I've been trying for several days now to find the limit of $\dfrac{\log(n!)}{\log(n+1)}$ when $n$ tends to $\infty$.
I have no idea how to continue... I've tried to ask in other forums but I always get answers that only hint to the solution. I would really appreciate to get an explicit solution if possible since I'm stuck...
(The main goal is to find the radius of convergence of the complex power series where $a_{n}=\log(n!)$)
Thank you!
[Just to offer a more elementary answer than Jack D'Auricio's comments:]
Let $k$ be a fixed natural number.
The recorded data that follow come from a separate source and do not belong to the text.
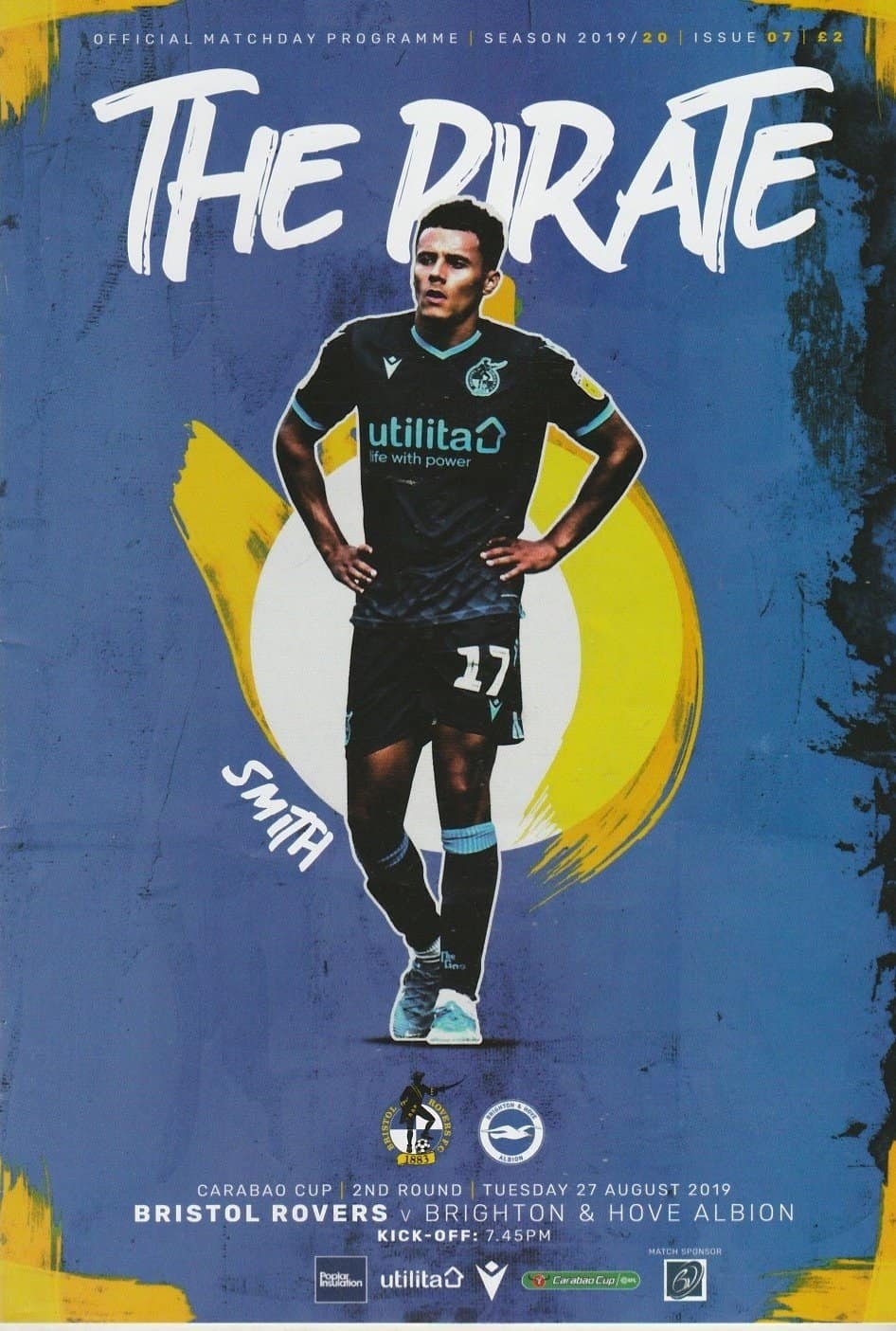 Match: Bristol Rovers v Brighton Hove Albion Competition: Carabao Cup 2nd Round Date: 27-Aug-2019 Comments: Rating: 4 Condition: Very good Weight in grams: 80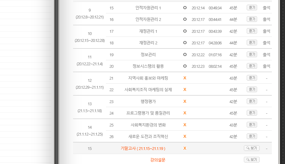 매 주마다 과목당 2교시에서 3교시까지 들을 수 있다. 2주안에는 다 들어야 한다. 2시간 안쪽으로 들을 수 있으니 일주일에 15시간정도 소요된다고 할 수 있다. 스마트 폰으로도 수강 가능해서 장소에 상관없이 들을 수 있어서 편했다. 배점은 15점이다.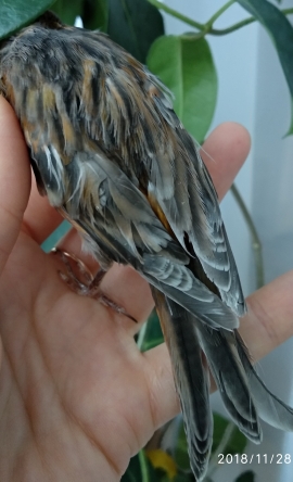 А это птенец на яичном корме для белых и желтке. Линька ещё не началась. Фото для сравнения осенью.
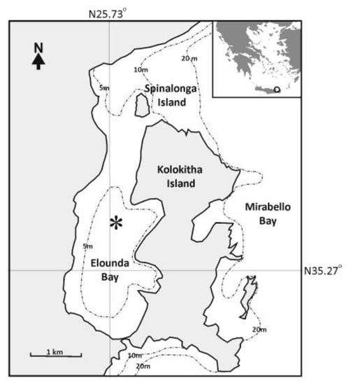 - Dounas, C. Environmental Study of Elounda Bay; HCMR Technical Report; Lasithi Prefecture: Crete, Greece, 2006; p. 316. (In Greek) [Google Scholar]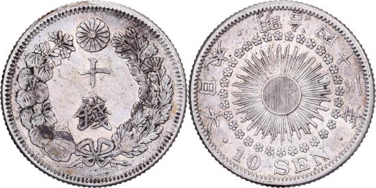 | | Japan, Mutsuhito, 10 Sen, Meiji Era, Yr. 43 (1910), Silver, | | | FEATURES |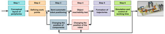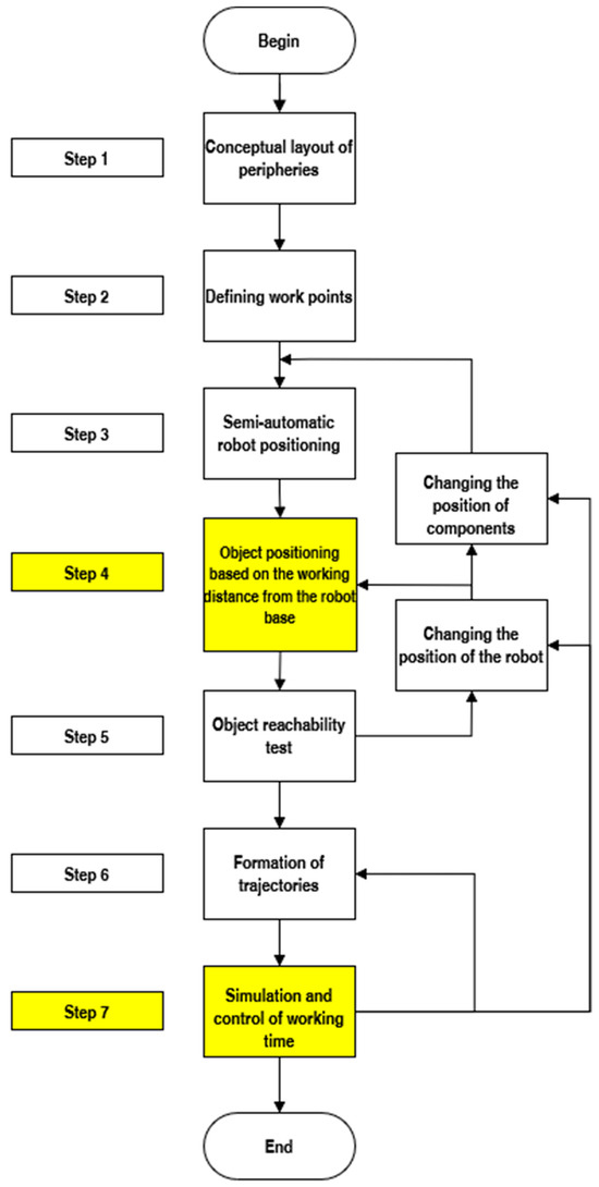 In this study, practical insights into robotic workplace design were summarized into six systematic steps, as shown in Figure 1. These steps form a structured methodology rooted in empirical practices and address key challenges [45] in layout planning and robotic integration.

The estimation $$\frac{\log n!}{\log(n+1)}\geq\sum_{j=1}^k\frac{\log(n+1-j)}{\log(n+1)},$$ for $n\geq k$, gives us that $$\lim_{n\to\infty}\frac{\log n!}{\log(n+1)}\geq k.$$ As $k$ was arbitrary it follows that $$\lim_{n\to\infty}\frac{\log n!}{\log(n+1)}=+\infty. $$
With some log properties and Riemann sums:
$$\log(n!)=\sum_{k=1}^n\log(k)>\int_1^n\log(x)\ dx=n\log(n)-n+1$$
Thus,
$$\frac{\log(n!)}{\log(n+1)}>\frac{n\log(n)-n+1}{\log(n+1)}$$
whereupon we find divergence as $n\to\infty$ quite easily with L'Hospital's rule, some basic expansion, etc.
For $k\ge2$ we have the following:
$$1-{1\over k}\le{1\over2}+{1\over3}+\cdots+{1\over k}\le\int_1^k{dx\over x}=\ln k$$
(The first inequality is easily checked for $k=2$ and $3$, and holds for $k\ge4$ since ${1\over2}+{1\over3}+{1\over4}\gt1$.) Thus
$$\begin{align} \ln(n!) &=\ln2+\ln3+\cdots+\ln n\\ &\ge\left(1-{1\over2}\right)+\left(1-{1\over3}\right)+\cdots+\left(1-{1\over n}\right)\\ &=n-1-\left({1\over2}+{1\over3}+\cdots+{1\over n}\right)\\ &\ge n-1-\ln n \end{align}$$
so that
$${\ln(n!)\over\ln(n+1)}\ge{n-1\over\ln(n+1)}-1\to\infty\quad\text{as }n\to\infty$$
Since $n! > (n/e)^n$ (proved by induction from $(1+1/n)^n < e < (1+1/n)^{n+1}$), $\log n! > n(\log n - 1)$ so, an even stronger result holds: $\frac{\log(n!)}{n} \gt \log n - 1 \to \infty $.